PostgreSQL-backed search uses ParadeDB `pg_search` BM25 indexes on
`gwiki_documents` and `gwiki_chunks`. Run `gwiki setup --standalone` only
against a PostgreSQL hub where the `pg_search` extension is installed; setup
preflights the extension before creating BM25 indexes.
AI configuration is shared with the other Gobby CLI crates through
`gobby_core`. The full capability matrix, local model guidance, and routing
examples live in [docs/guides/ai-configuration.md](../../docs/guides/ai-configuration.md).
For one command, use `gwiki ingest-file --no-ai` to keep media ingest on the
privacy path. Use `--transcription-routing`, `--vision-routing`, and
`--text-routing` to override configured AI routing for a single ingest.
## Retrieval
`gwiki search` is the retrieval primitive for humans and agents: hybrid
BM25 + semantic + graph-boosted hits with bounded query-token snippets,
provenance (`wiki_page`, `source_path`, `result_type`, `sources`), and
`code_citations` tied to the returned hits.
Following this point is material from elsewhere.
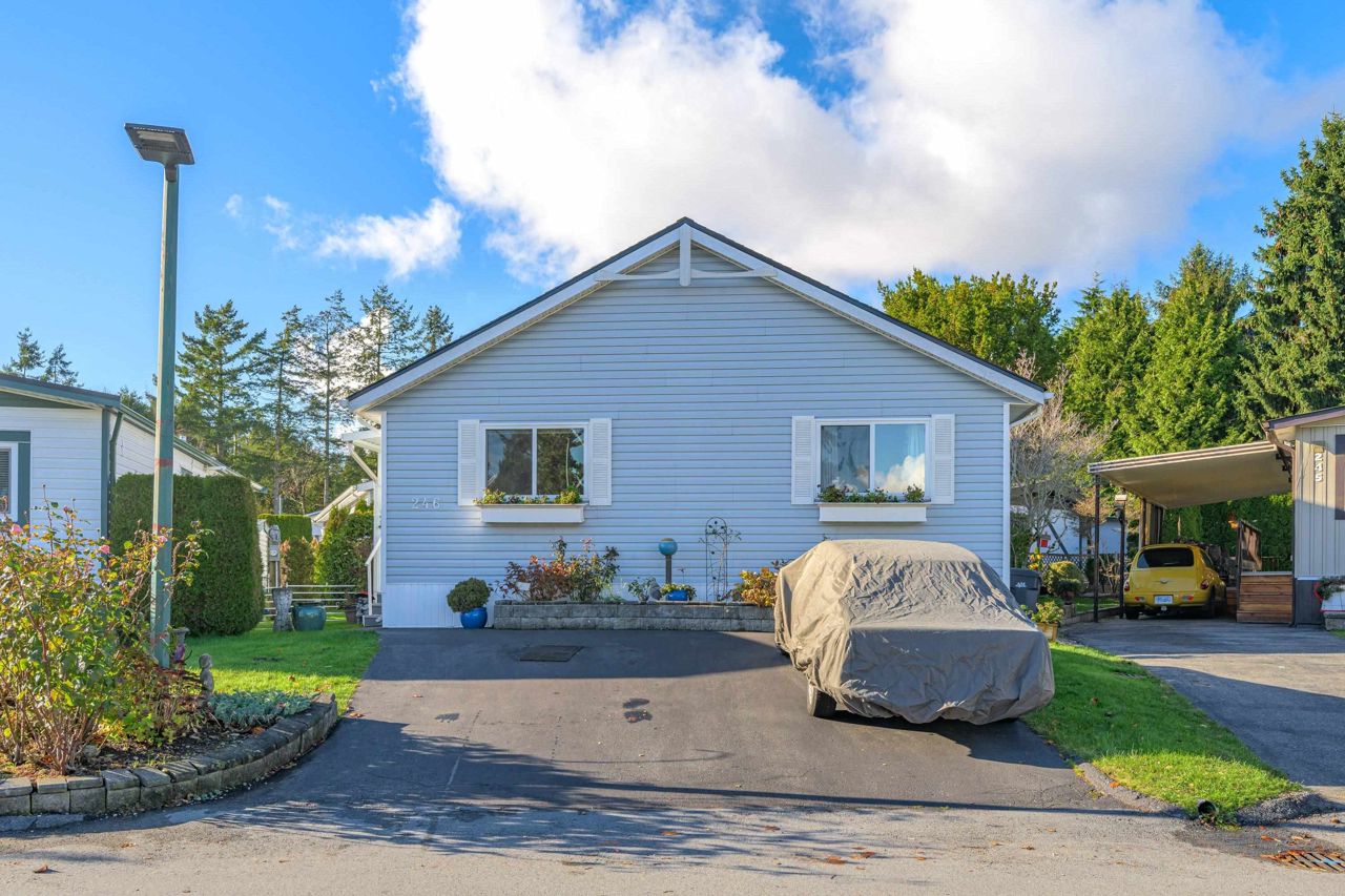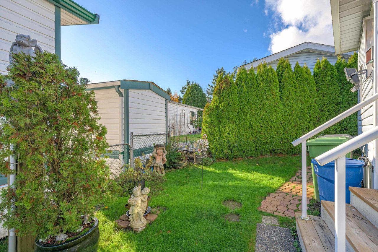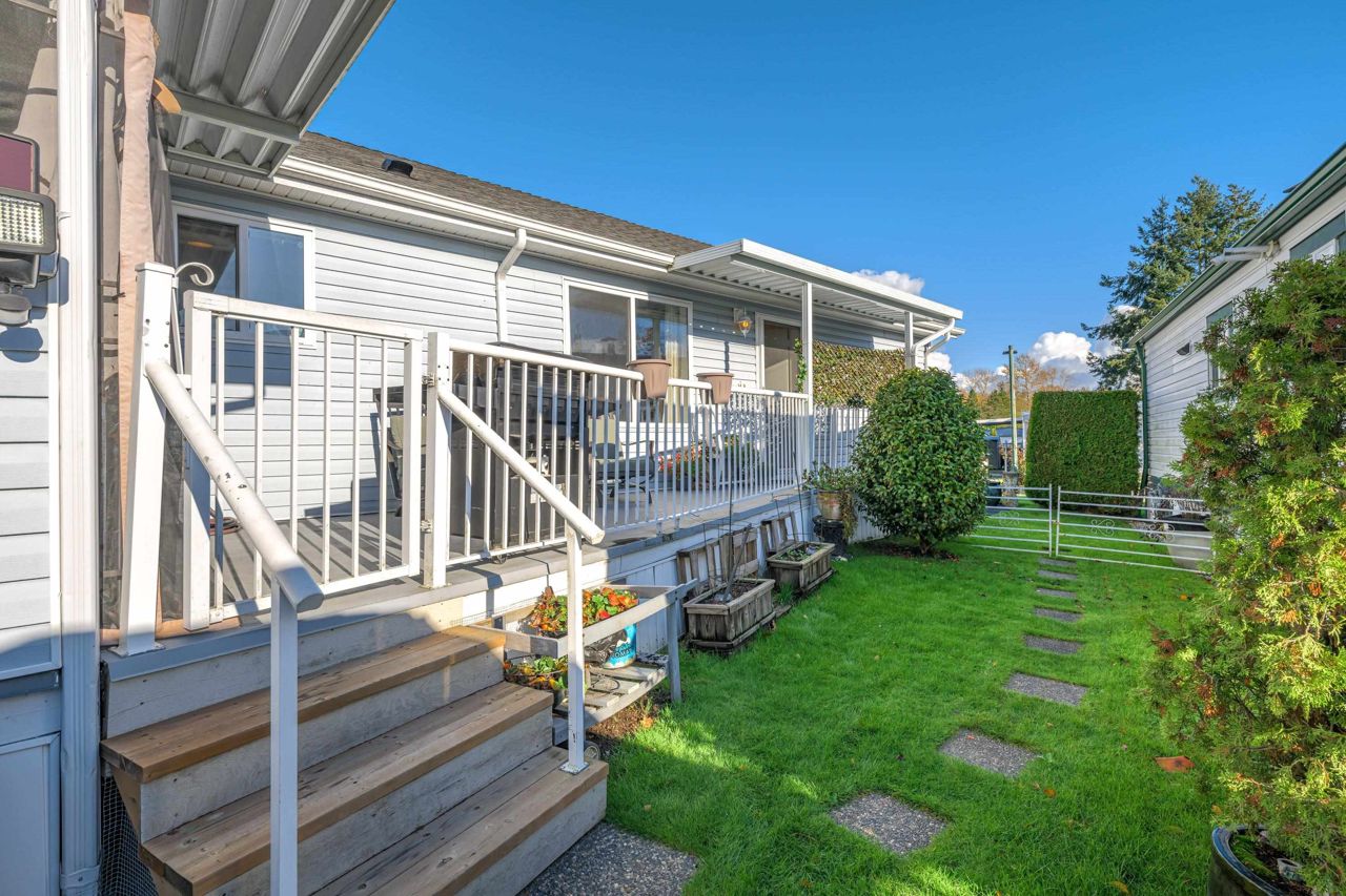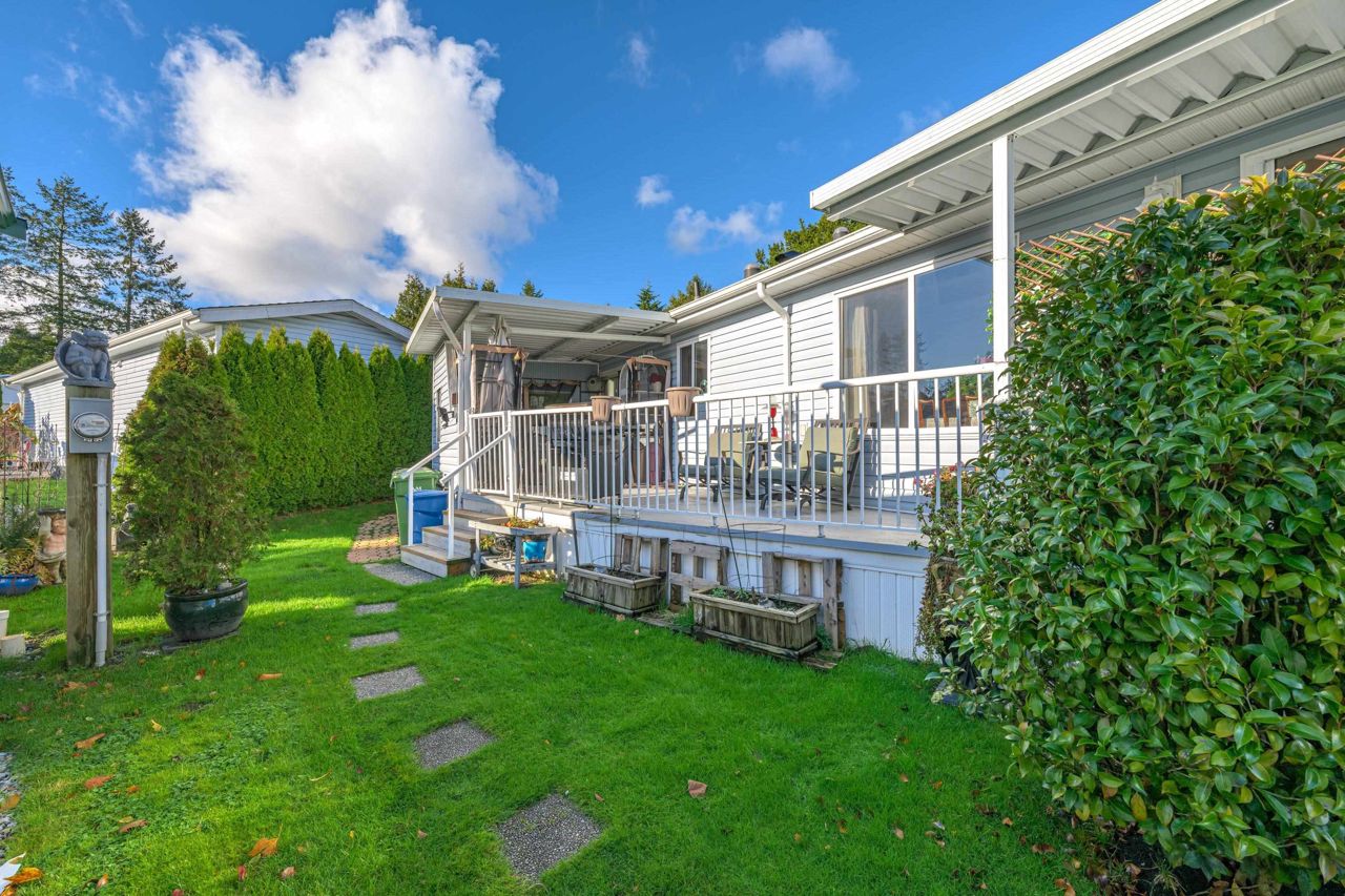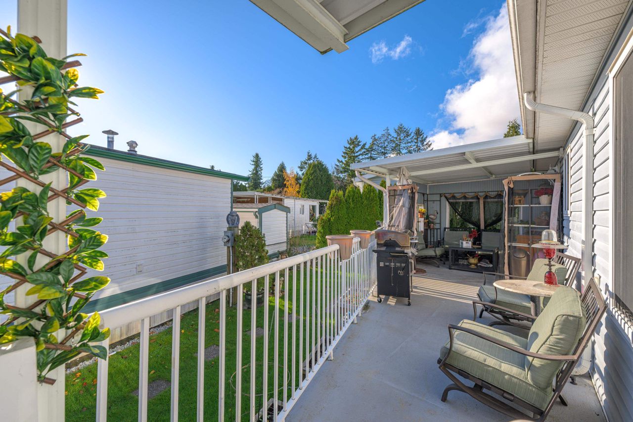 Welcome to your "Modular Home"! Feels like a house with a spacious bright floor plan, vaulted ceilings, 3 large Bdrms, 2 baths, double glazed windows, Gas stove top, wall oven, huge eat in kitchen and a separate dining/living room. Walk out to the amazing deck, partially covered with a cozy area for relaxing get togethers. Large workshop shed, plenty of storage and situated in a great location in the park! 3 yr old roof, lovely low maintenance yard. This home has been lovingly cared for by the current owners. This park has amazing amenities; outdoor heated pool, clubhouse, workout room, library, games room and walking trails. In a prime location near transit, shopping, US border and schools. Bring your 2 fur babies ... Cats and dogs, Dogs maximum height 20" at withers. A must see!

Full document bodies never appear
in search output; follow a hit with `gwiki read --path <wiki_page>`. Agents
compose `search` + `read` for research loops and deposit results back through
`collect`/`ingest-file`.
`gwiki ask` is a thin RAG layer over the same retrieval: top-k hits become a
bounded evidence prompt (~12K-token cap, reported via `prompt_token_budget` /
`prompt_tokens_estimated`), one completion runs through the daemon route or a
direct OpenAI-compatible endpoint (`--ai daemon|direct|auto`, including
LM Studio), and the answer is checked against the evidence with grounded
citations.
## Source Refresh
`gwiki index` rebuilds derived search state from files already on disk.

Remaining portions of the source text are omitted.